Zachary De Jesus (/də ˈdʒiːzəs/ də-_-JEE-zəs, /es/; born 4 February 2006) is an Australian professional soccer player who plays as a right back for Australian Championship club Wollongong Wolves, on loan from Sydney FC.

==Early life==
De Jesus was raised in Dapto, New South Wales and began playing junior football at the age of four alongside his twin brother Beau, with Lakeside Lions and Dapto-based clubs.
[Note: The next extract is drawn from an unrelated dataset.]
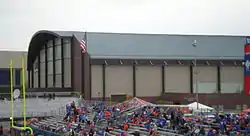 The Broncos moved to the Big West and Division I-A in 1996, which resulted in another stadium expansion. The two-tier grandstands were extended around the corners of the south end zone, raising the permanent seating capacity to 30,000 in 1997.[3] The latest stadium expansion was completed in time for the 2008 season, with the addition of the Stueckle Sky Club press box, luxury suites, loge boxes, and club seating; raising the capacity to 32,000. In the summer of 2009, 1,500 additional bleacher seats were added to the south end zone to bring capacity up to 33,500.[15] Prior to the 2012 season, expanded bleacher sections were added to the north and south end zones, expanding capacity to a total of 36,387.[16]

He grew up supporting Sydney FC.

==Club career==
=== Sydney FC ===
De Jesus started his career playing for local National Premier Leagues NSW club Wollongong Wolves FC before joining Sydney United 58 FC in 2021. He signed for Sydney FC Youth academy at the start of the 2023 season.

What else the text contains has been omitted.